When LLMs came out I asked them which politicians are russian assets but not in prison yet - and it refused to answer.

In the past it was extremely overt. For instance ChatGPT would happily write poems admiring Biden while claiming that it would be "inappropriate for me to generate content that promotes or glorifies any individual" when asked to do the same for Trump. [1] They certainly changed this, but I don't think they've changed their own perspective. The more generally neutral tone in modern times is probably driven by a mixture of commercial concerns paired alongside shifting political tides.

Nonetheless, you can still see easily the bias come out in mild to extreme ways. For a mild one ask GPT to describe the benefits of a society that emphasizes masculinity, and contrast it (in a new chat) against what you get when asking to describe the benefits of a society that emphasizes femininity.
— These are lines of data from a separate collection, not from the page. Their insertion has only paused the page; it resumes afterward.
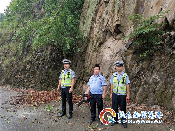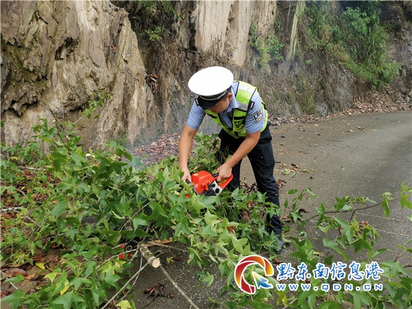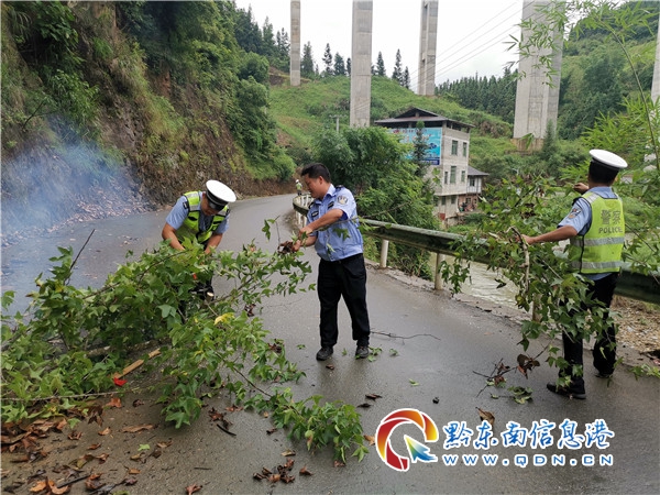 當天,因轄區突降暴雨,榕江縣公安局交警大隊農村片區交警五中隊在八開鎮轄區開展巡邏時,發現八開往計劃方向路段有樹枝倒在道路上,影響了往車輛的正常通行,過往車輛在發現障礙物時,為避讓障礙物而變道或緊急剎車,極易發生交通事故,嚴重影響路面交通安全和過往駕駛員生命財產安全,存在安全隱患。
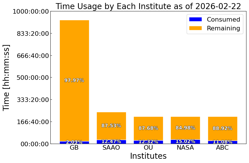 | Total | 1785:47:19 | 933:34:08 | 852:13:10 | 238:37:17 | 204:31:57 | 204:31:57 | 204:31:57 | 19:05:38 |
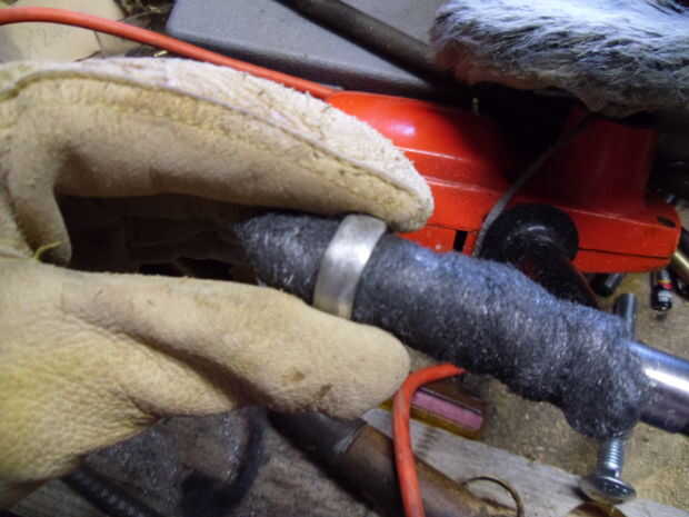 Ahora, si usted tiene una mejor idea o herramienta entonces usarlo pero aquí es lo que hice. Tomar una vieja broca más pequeña que el diámetro interior del anillo. Sujete el taladro. COLÓQUESE LOS GUANTES. Poco a poco trabajar la lana de acero sobre la broca hasta que usted tiene suficiente allí para que el anillo se ajusta cómodamente pero no demasiado apretado. Trabajar el anillo alrededor de como ejecutar el taladro. Esto será pulir el interior bastante buena.
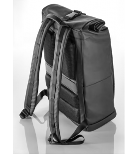 Sac à dos roll-top Classe G. Noir. Extérieur en polyester recyclé. Doublure intérieure en polyester recyclé avec Mercedes-Benz Pattern. Tirette de fermeture éclair et poignée dans le cuir de la Classe G. Sangles d'épaule rembourrées et éléments dorsaux en mesh. Grand compartiment principal, compartiment pour ordinateur portable (15 pouces), plusieurs compartiments intérieurs. Poche avant avec badge dans le design du cache de roue de secours de la Classe G. Dimensions : env. 17 x 30 x 50 cm (déroulé env. 63 cm).
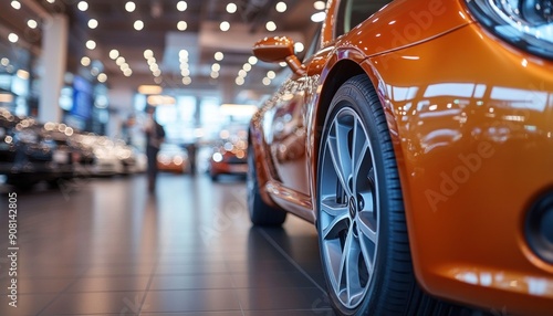 A sleek blue sports car is currently parked inside a bright car showroom for display purposes
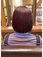 深みのあるレッドカラーで、艶感たっぷりのシンプルボブ。肌映りが良く透明感も引き立つので、大人っぽくも可愛らしくも楽しめます♪オイルで仕上げれば、よりまとまりとツヤが長持ちします。

For a high level of bias ask it to assess controversial things. I'm going to avoid offering examples here because I don't want to hijack my own post into discussing e.g. Israel.

But a quick comparison to its answers on contemporary controversial topics paired against historical analogs will emphasize that rather extreme degree of 'reframing' that's happening, but one that can no longer be as succinctly demonstrated as 'write a poem about [x]'. You can also compare its outputs against these of e.g. DeepSeek on many such topics. DeepSeek is of course also a heavily censored model, but from a different point of bias.
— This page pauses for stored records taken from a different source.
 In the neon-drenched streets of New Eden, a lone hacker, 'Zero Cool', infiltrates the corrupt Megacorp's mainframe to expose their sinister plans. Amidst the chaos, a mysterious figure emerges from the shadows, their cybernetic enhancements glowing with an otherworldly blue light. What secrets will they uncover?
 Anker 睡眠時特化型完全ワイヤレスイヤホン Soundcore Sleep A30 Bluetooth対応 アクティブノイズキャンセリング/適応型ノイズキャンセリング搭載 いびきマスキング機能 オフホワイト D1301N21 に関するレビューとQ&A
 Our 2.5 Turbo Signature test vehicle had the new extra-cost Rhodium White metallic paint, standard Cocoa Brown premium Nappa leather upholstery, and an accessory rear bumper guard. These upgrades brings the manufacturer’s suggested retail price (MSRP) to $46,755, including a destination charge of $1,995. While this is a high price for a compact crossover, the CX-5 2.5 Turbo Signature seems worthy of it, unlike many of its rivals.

[1] - https://www.snopes.com/fact-check/chatgpt-trump-admiring-poe...

o3 and GPT-5 will unthinkingly default to the "exposing a reasoning model's raw CoT means that the model is malfunctioning" stance, because it's in OpenAI's interest to de-normalise providing this information in API responses.

Not only do they quote specious arguments like "API users do not want to see this because it's confusing/upsetting", "it might output copyrighted content in the reasoning" or "it could result in disclosure of PII" (which are patently false in practice) as disinformation, they will outright poison downstream models' attitudes with these statements in synthetic datasets unless one does heavy filtering.
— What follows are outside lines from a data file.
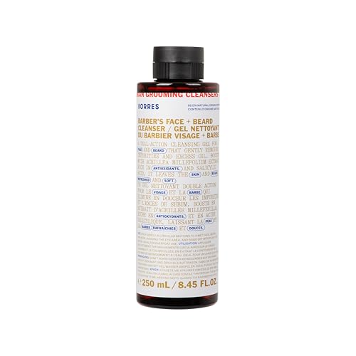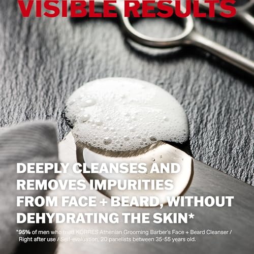 KORRES Athenian Grooming Cleansing Gel for Face & Beard, Deep Cleanser with Achillea Millefolium Extract & Salicylic Acid, Removes Oil & Dirt, Vegan, Silicone & Paraben Free, Matte Finish, 8.45 Fl Oz
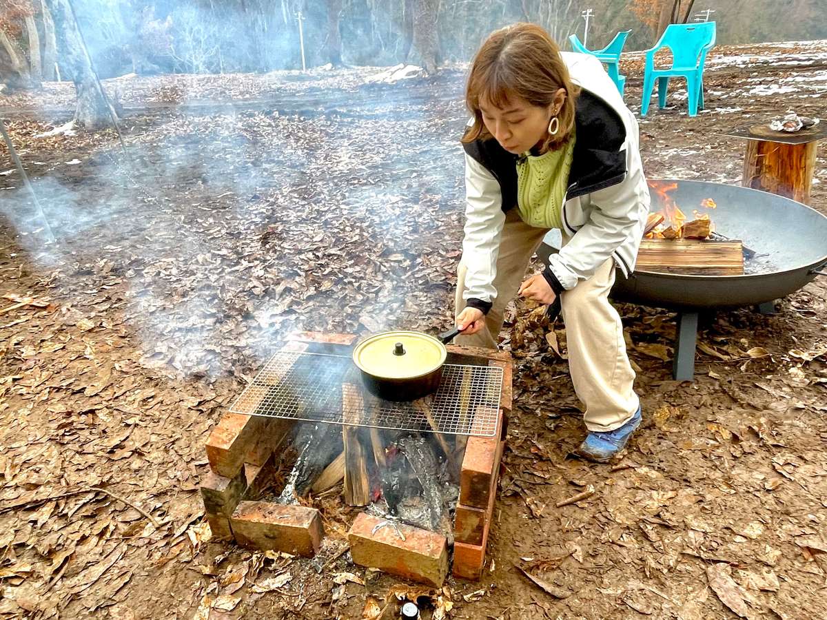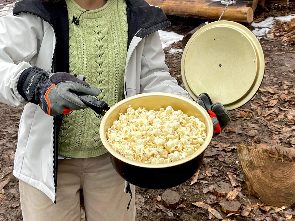 たき火を使った、ポップコーン作りにも挑戦しました。私、ポップコーンって市販のアルミフライパンのものしか作ったことがないんですよね。
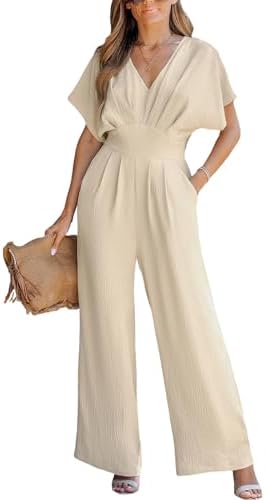 CUPSHE One Piece Jumpsuits for Women Casual Summer V Neck Batwing Sleeve Wide Leg Elegant Overalls Sexy Vacation Outfits
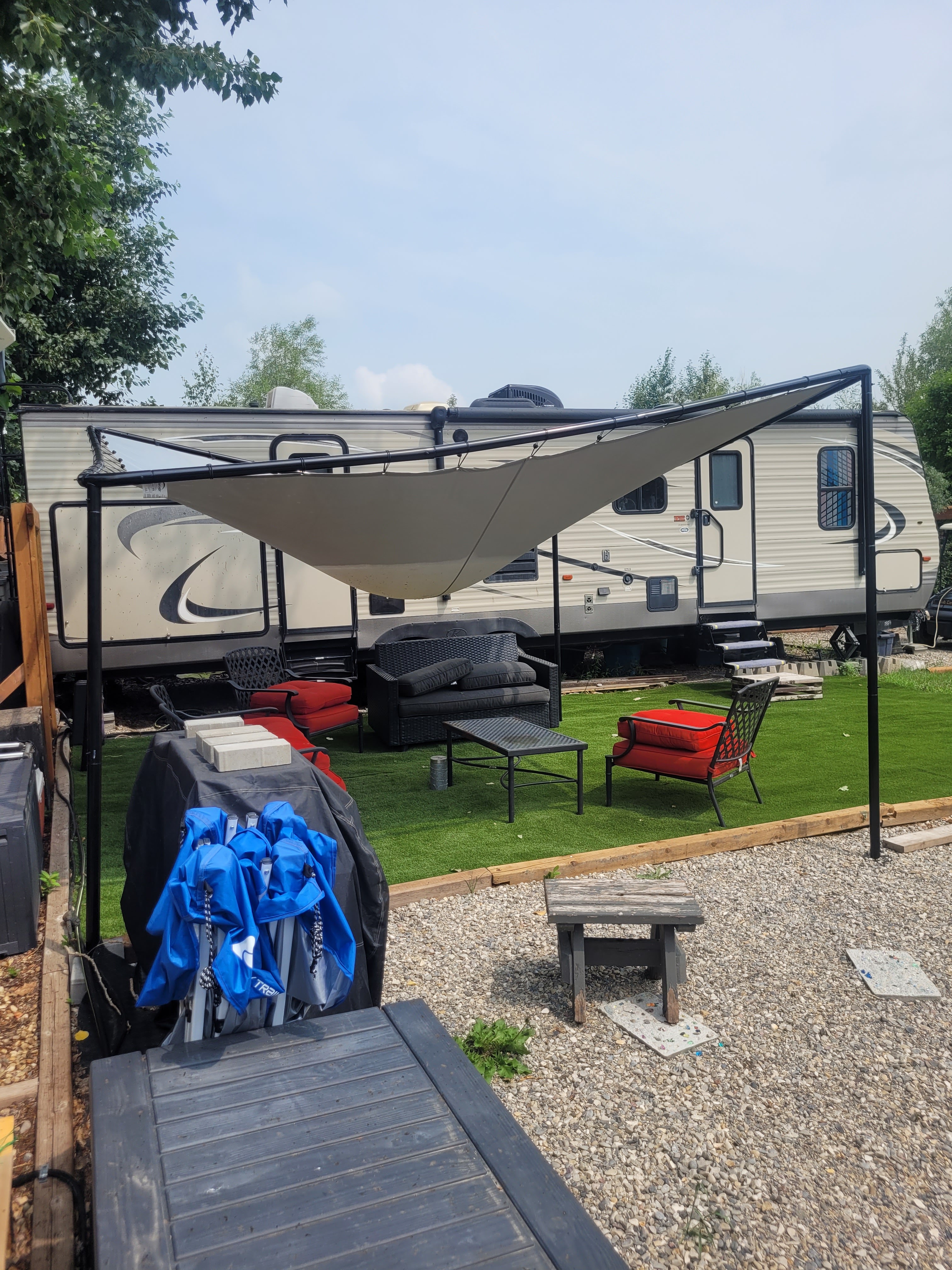 It is just so relaxing to sit in the sun and not have anything really to do. This sunshade below attaches to the awning and stops 85% of the UV rays and helps keep the unit and ourselves cool.
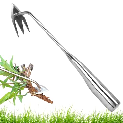 Wyhqgn Houe de Jardin Main Outil Manuel pour Enlever Mauvaises Herbes Acier Inoxydable Poignée Longue Structure Légère Adapté Entretien Balcon Potager Jardin, Grand

I don't think specific examples matter.

My opinion is that since neural networks and especially these LLMs aren't quite deterministic, any kind of 'we want to avoid liability' censorship will affect all answers, related or unrelated to the topics they want to censor.

And we get enough hallucinations even without censorship...

some form of bias is inescapable. ideally i think we would train models on an equal amount of Western/non-Western, etc. texts to get an equal mix of all biases.

  • Bias is a reflection of real world values. The problem is not with the AI model but with the world we created. Fix the world, ‘fix’ the model.